THINGS THAT ARE VERY DIFFICULT TO SAY WHEN YOU'RE DRUNK....
a) Specificity
b) British Constitution
c) Passive-aggressive disorder
d) Transubstantiate

THINGS THAT ARE COMPLETELY IMPOSSIBLE TO SAY WHEN YOU'RE DRUNK...

a) Thanks for the offer, but I don't want to come back to your place. b)
Nope, no more beer for me, I've had enough.
c) Sorry, but you're not really my type.
d) No kebab for me, thank you.
e) Good evening officer, isn't it lovely out tonight?
f) I'm not interested in fighting you.
g) Oh, I just couldn't - no one wants to hear me sing.
h) I won't make any attempt to dance, I have no co-ordination.
I) Where is the nearest toilet? I refuse to vomit in the street.
j) I must be going home now as I have work in the morning.
k) Look, it would be great to sleep with you but I hardly know you. l)
That guy is looking at my wife but I am sure its just because he knows
her or something. I'm not going to worry about it.
m) That chair looks wobbly and dangerous and I certainly wouldn't try
balancing on it with this short skirt on in case I fell off.
n) I must get to my bed as I could never have a really good sleep in that
hedge / pavement / skip.
o) I really believe in staying sober
p) I honestly don't think the rest of the city centre wants to see my
bare arse.
q) No..you are not my bestest mate in the whole world.
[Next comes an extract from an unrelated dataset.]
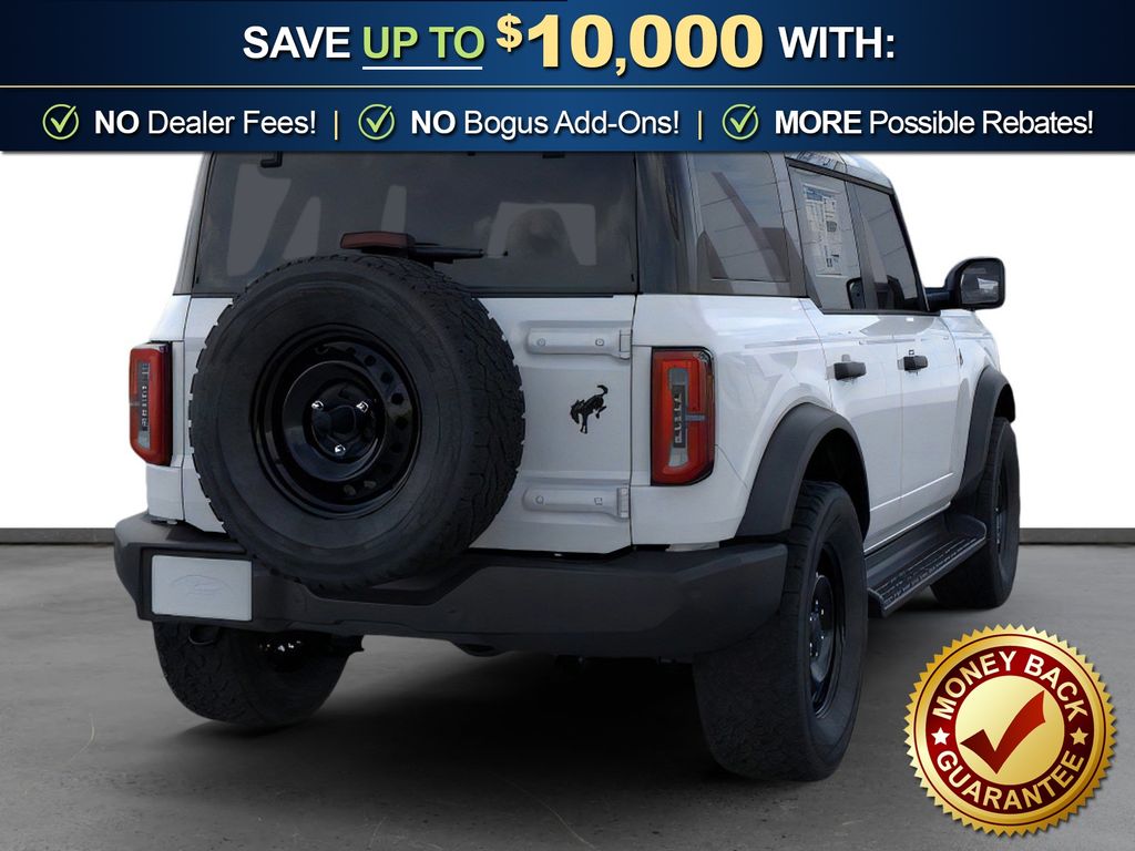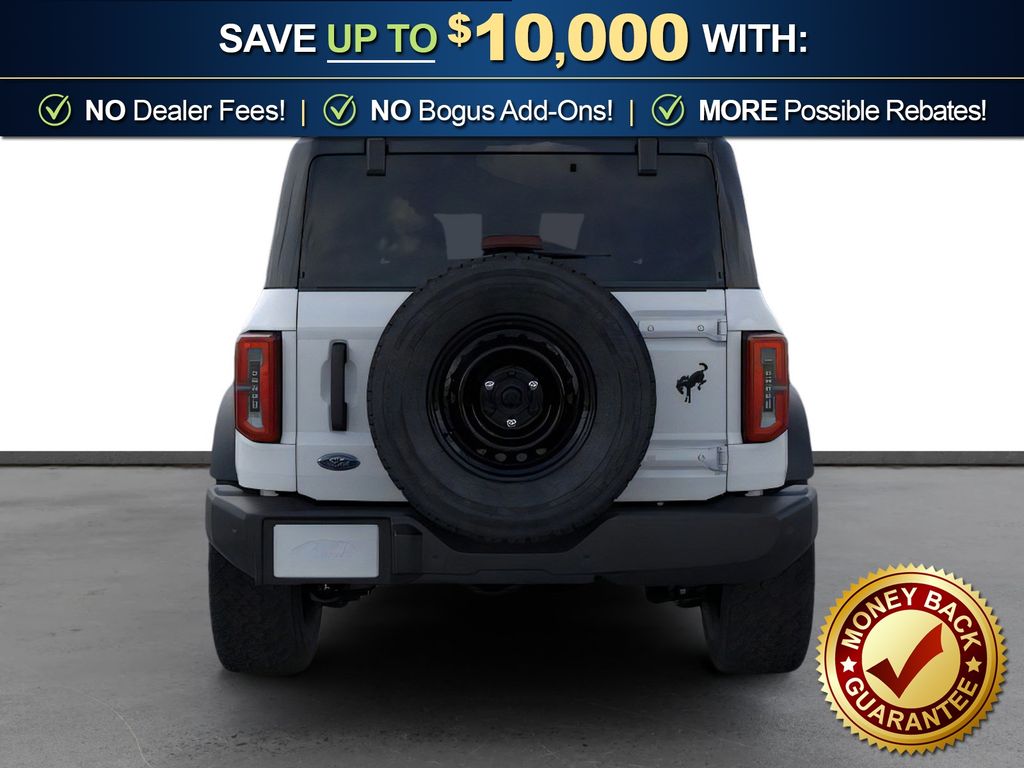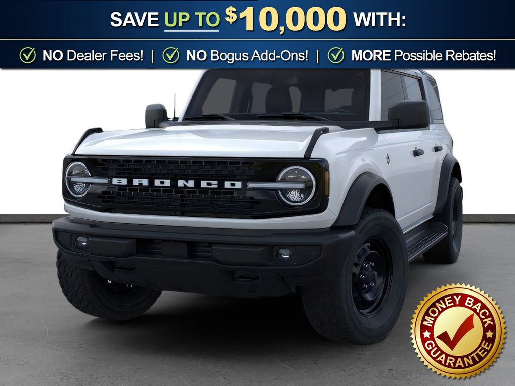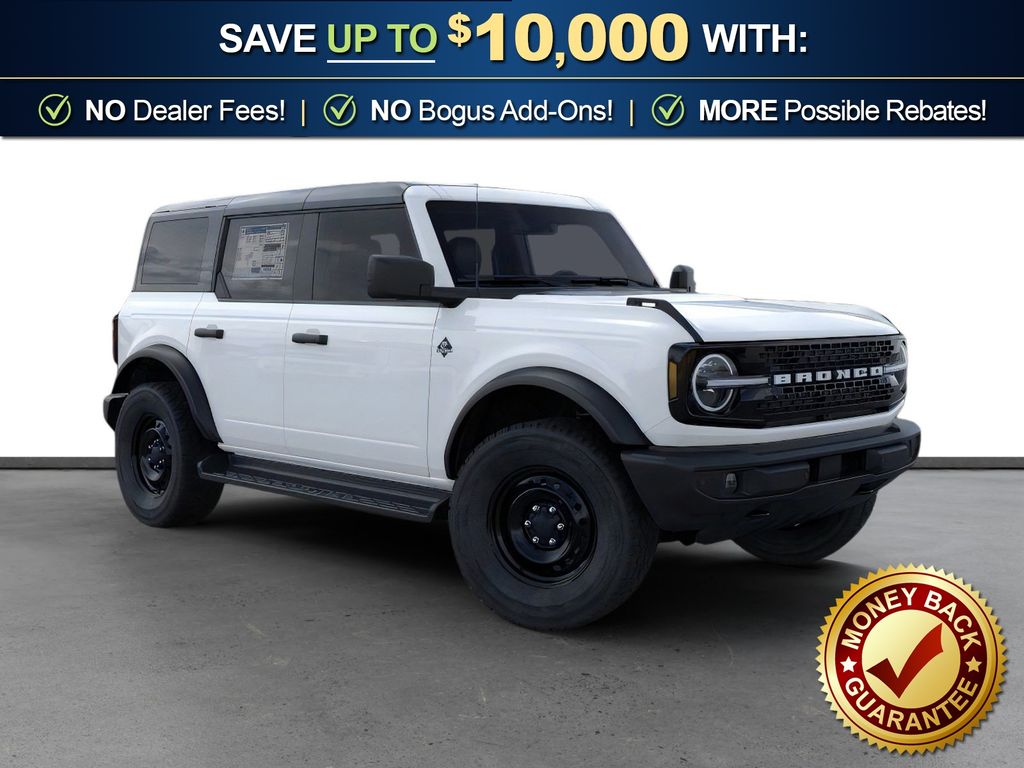 Dealer Discount of $1,595 off MSRP Oxford White 2026 Ford Bronco Outer Banks NFT 4WD 10-Speed Automatic 2.7L EcoBoost V6 18" Bright Machined Aluminum Wheels, 3.73 Axle Ratio, 4-Wheel Disc Brakes, 7 Speakers, ABS brakes, Air Conditioning, Alloy wheels, AM/FM radio: SiriusXM with 360L, AM/FM Stereo, Auto High-beam Headlights, Auto-dimming Rear-View mirror, Automatic temperature control, Brake assist, Compass, Connected Navigation, Delay-off headlights, Driver door bin, Driver vanity mirror, Dual front impact airbags, Dual front side impact airbags, Electronic Stability Control, Emergency communication system: 911 Assist, Exterior Parking Camera Rear, Ford Connectivity Package (1-Year Included), Front anti-roll bar, Front Bucket Seats, Front Center Armrest, Front dual zone A/C, Front fog lights, Front reading lights, Front wheel independent suspension, Fully automatic headlights, Heated door mirrors, Heated front seats, Heated Leather-Trimmed/Vinyl Bucket Seats, Heated steering wheel, Illuminated entry, Integrated roll-over protection, Leather Shift Knob, Low tire pressure warning, Navigation system: Connected Navigation, Occupant sensing airbag, Outside temperature display, Overhead airbag, Overhead console, Panic alarm, Passenger door bin, Passenger vanity mirror, Power door mirrors, Power driver seat, Power passenger seat, Power steering, Power windows, Radio data system, Rear seat center armrest, Remote keyless entry, Security system, SiriusXM with 360L, Speed control, Split folding rear seat, Steering wheel mounted audio controls, SYNC 4, Tachometer, Telescoping steering wheel, Tilt steering wheel, Traction control, Trip computer, Variably intermittent wipers, Voltmeter.

I've only known
you for a few hours.
r) I'm sure those young women are extremely intelligent and have
wonderful personalities.
s) Im sure my feet would be damaged for life if I take my shoes off and
walk all the way home.
t) A cocktail followed by 4 tequilas ....surely that would be no good for
my insides.
u) Me? go for a pee in the mens toilet because the ladies queue is too
long? I don't think so.
v) I`ll just have a big glass of water before I go to bed so I don't have
a hangover in the morning.
w) Of course I'm happy to pay the boundary charge, driver.
x) There goes last orders, just make mine's a coke.
y) No, not at all, I love the thrill of having unprotected sex with
somebody I met an hour ago.
z) Do I fancy calling at the chippy? No thanks, I'm on a low fat diet.